**Aim of the task**
From the first line to the last, transcribe the data exactly and skip the pictures.

**Data excerpt**

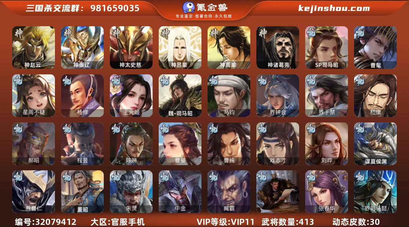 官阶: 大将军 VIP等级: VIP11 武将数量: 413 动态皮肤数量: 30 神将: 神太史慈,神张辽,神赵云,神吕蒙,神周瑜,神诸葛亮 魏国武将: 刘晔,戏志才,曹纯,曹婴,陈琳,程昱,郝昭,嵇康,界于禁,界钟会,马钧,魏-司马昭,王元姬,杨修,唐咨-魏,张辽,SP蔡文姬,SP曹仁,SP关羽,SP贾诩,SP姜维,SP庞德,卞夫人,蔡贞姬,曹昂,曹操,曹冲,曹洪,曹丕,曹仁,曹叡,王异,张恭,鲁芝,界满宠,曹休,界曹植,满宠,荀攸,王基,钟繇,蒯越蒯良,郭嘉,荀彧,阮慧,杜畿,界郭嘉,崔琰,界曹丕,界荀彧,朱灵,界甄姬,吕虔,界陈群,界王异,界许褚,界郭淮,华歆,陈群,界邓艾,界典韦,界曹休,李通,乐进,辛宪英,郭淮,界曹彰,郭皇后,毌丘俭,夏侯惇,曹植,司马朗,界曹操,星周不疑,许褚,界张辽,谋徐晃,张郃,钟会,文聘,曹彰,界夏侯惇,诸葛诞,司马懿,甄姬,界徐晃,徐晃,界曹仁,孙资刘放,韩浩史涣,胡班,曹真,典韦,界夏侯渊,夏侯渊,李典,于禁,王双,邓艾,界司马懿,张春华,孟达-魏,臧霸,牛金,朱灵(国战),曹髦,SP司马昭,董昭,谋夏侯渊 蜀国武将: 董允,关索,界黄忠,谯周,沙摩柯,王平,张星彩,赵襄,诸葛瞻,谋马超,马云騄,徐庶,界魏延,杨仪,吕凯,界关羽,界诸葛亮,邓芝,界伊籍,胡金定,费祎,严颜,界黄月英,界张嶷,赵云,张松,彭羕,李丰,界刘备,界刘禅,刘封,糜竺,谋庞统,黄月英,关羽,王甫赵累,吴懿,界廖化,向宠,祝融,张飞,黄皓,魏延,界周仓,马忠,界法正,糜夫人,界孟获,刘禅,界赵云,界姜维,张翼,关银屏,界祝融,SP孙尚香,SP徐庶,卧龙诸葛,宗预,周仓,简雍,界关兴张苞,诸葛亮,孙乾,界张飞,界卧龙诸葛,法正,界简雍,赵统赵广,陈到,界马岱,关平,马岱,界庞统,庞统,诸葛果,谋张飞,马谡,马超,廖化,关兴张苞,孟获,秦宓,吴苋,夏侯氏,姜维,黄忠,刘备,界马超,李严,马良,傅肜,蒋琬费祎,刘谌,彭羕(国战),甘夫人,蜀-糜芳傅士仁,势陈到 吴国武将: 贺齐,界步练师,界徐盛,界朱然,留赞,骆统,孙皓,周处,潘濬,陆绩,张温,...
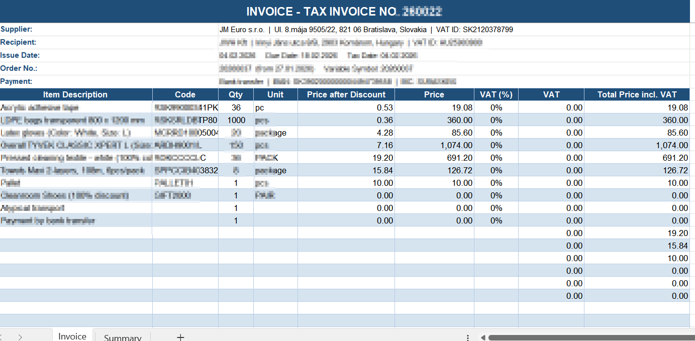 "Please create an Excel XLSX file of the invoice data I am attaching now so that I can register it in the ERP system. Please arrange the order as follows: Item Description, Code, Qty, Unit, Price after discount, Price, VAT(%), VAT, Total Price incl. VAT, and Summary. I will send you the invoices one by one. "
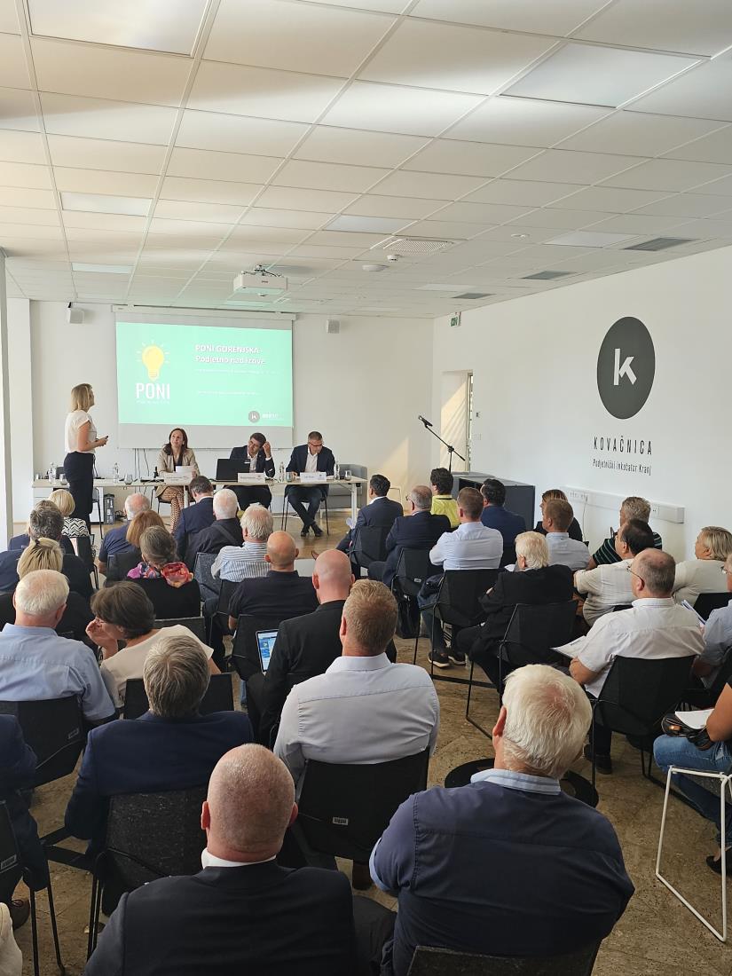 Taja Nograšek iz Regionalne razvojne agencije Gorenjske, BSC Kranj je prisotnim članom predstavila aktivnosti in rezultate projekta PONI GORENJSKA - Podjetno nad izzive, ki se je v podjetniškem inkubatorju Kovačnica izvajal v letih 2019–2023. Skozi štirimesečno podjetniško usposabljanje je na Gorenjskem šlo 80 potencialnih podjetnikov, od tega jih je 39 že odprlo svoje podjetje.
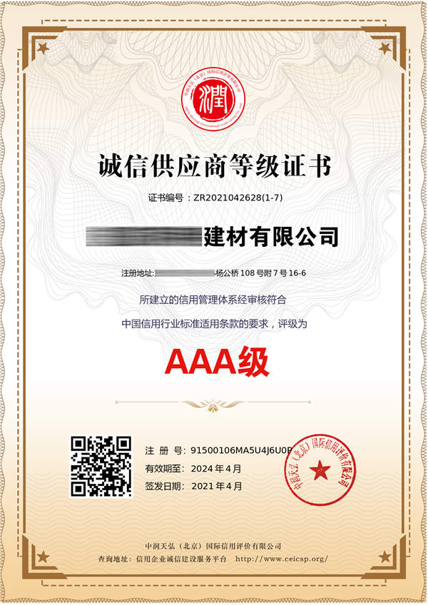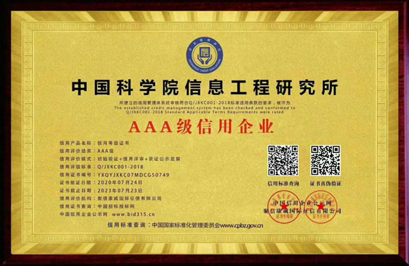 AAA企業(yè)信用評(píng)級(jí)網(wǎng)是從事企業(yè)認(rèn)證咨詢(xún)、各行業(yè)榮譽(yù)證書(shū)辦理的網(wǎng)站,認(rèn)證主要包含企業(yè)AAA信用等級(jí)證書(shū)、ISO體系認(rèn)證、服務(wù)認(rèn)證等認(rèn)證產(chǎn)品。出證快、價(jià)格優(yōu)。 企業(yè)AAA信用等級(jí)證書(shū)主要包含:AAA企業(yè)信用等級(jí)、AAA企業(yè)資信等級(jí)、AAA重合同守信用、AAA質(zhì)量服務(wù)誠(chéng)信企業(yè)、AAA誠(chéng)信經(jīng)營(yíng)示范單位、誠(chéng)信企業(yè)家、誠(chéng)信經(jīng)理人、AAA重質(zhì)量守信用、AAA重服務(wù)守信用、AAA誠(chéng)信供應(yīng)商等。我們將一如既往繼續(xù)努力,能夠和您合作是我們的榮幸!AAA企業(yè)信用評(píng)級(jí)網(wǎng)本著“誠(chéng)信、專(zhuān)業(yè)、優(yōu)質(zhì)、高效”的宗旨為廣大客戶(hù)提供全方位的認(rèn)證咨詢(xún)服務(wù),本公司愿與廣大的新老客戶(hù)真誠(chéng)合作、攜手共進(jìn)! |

**Answer to this exercise**
 官阶: 大将军 VIP等级: VIP11 武将数量: 413 动态皮肤数量: 30 神将: 神太史慈,神张辽,神赵云,神吕蒙,神周瑜,神诸葛亮 魏国武将: 刘晔,戏志才,曹纯,曹婴,陈琳,程昱,郝昭,嵇康,界于禁,界钟会,马钧,魏-司马昭,王元姬,杨修,唐咨-魏,张辽,SP蔡文姬,SP曹仁,SP关羽,SP贾诩,SP姜维,SP庞德,卞夫人,蔡贞姬,曹昂,曹操,曹冲,曹洪,曹丕,曹仁,曹叡,王异,张恭,鲁芝,界满宠,曹休,界曹植,满宠,荀攸,王基,钟繇,蒯越蒯良,郭嘉,荀彧,阮慧,杜畿,界郭嘉,崔琰,界曹丕,界荀彧,朱灵,界甄姬,吕虔,界陈群,界王异,界许褚,界郭淮,华歆,陈群,界邓艾,界典韦,界曹休,李通,乐进,辛宪英,郭淮,界曹彰,郭皇后,毌丘俭,夏侯惇,曹植,司马朗,界曹操,星周不疑,许褚,界张辽,谋徐晃,张郃,钟会,文聘,曹彰,界夏侯惇,诸葛诞,司马懿,甄姬,界徐晃,徐晃,界曹仁,孙资刘放,韩浩史涣,胡班,曹真,典韦,界夏侯渊,夏侯渊,李典,于禁,王双,邓艾,界司马懿,张春华,孟达-魏,臧霸,牛金,朱灵(国战),曹髦,SP司马昭,董昭,谋夏侯渊 蜀国武将: 董允,关索,界黄忠,谯周,沙摩柯,王平,张星彩,赵襄,诸葛瞻,谋马超,马云騄,徐庶,界魏延,杨仪,吕凯,界关羽,界诸葛亮,邓芝,界伊籍,胡金定,费祎,严颜,界黄月英,界张嶷,赵云,张松,彭羕,李丰,界刘备,界刘禅,刘封,糜竺,谋庞统,黄月英,关羽,王甫赵累,吴懿,界廖化,向宠,祝融,张飞,黄皓,魏延,界周仓,马忠,界法正,糜夫人,界孟获,刘禅,界赵云,界姜维,张翼,关银屏,界祝融,SP孙尚香,SP徐庶,卧龙诸葛,宗预,周仓,简雍,界关兴张苞,诸葛亮,孙乾,界张飞,界卧龙诸葛,法正,界简雍,赵统赵广,陈到,界马岱,关平,马岱,界庞统,庞统,诸葛果,谋张飞,马谡,马超,廖化,关兴张苞,孟获,秦宓,吴苋,夏侯氏,姜维,黄忠,刘备,界马超,李严,马良,傅肜,蒋琬费祎,刘谌,彭羕(国战),甘夫人,蜀-糜芳傅士仁,势陈到 吴国武将: 贺齐,界步练师,界徐盛,界朱然,留赞,骆统,孙皓,周处,潘濬,陆绩,张温,...
 "Please create an Excel XLSX file of the invoice data I am attaching now so that I can register it in the ERP system. Please arrange the order as follows: Item Description, Code, Qty, Unit, Price after discount, Price, VAT(%), VAT, Total Price incl. VAT, and Summary. I will send you the invoices one by one. "
 Taja Nograšek iz Regionalne razvojne agencije Gorenjske, BSC Kranj je prisotnim članom predstavila aktivnosti in rezultate projekta PONI GORENJSKA - Podjetno nad izzive, ki se je v podjetniškem inkubatorju Kovačnica izvajal v letih 2019–2023. Skozi štirimesečno podjetniško usposabljanje je na Gorenjskem šlo 80 potencialnih podjetnikov, od tega jih je 39 že odprlo svoje podjetje.
 AAA企業(yè)信用評(píng)級(jí)網(wǎng)是從事企業(yè)認(rèn)證咨詢(xún)、各行業(yè)榮譽(yù)證書(shū)辦理的網(wǎng)站,認(rèn)證主要包含企業(yè)AAA信用等級(jí)證書(shū)、ISO體系認(rèn)證、服務(wù)認(rèn)證等認(rèn)證產(chǎn)品。出證快、價(jià)格優(yōu)。 企業(yè)AAA信用等級(jí)證書(shū)主要包含:AAA企業(yè)信用等級(jí)、AAA企業(yè)資信等級(jí)、AAA重合同守信用、AAA質(zhì)量服務(wù)誠(chéng)信企業(yè)、AAA誠(chéng)信經(jīng)營(yíng)示范單位、誠(chéng)信企業(yè)家、誠(chéng)信經(jīng)理人、AAA重質(zhì)量守信用、AAA重服務(wù)守信用、AAA誠(chéng)信供應(yīng)商等。我們將一如既往繼續(xù)努力,能夠和您合作是我們的榮幸!AAA企業(yè)信用評(píng)級(jí)網(wǎng)本著“誠(chéng)信、專(zhuān)業(yè)、優(yōu)質(zhì)、高效”的宗旨為廣大客戶(hù)提供全方位的認(rèn)證咨詢(xún)服務(wù),本公司愿與廣大的新老客戶(hù)真誠(chéng)合作、攜手共進(jìn)! |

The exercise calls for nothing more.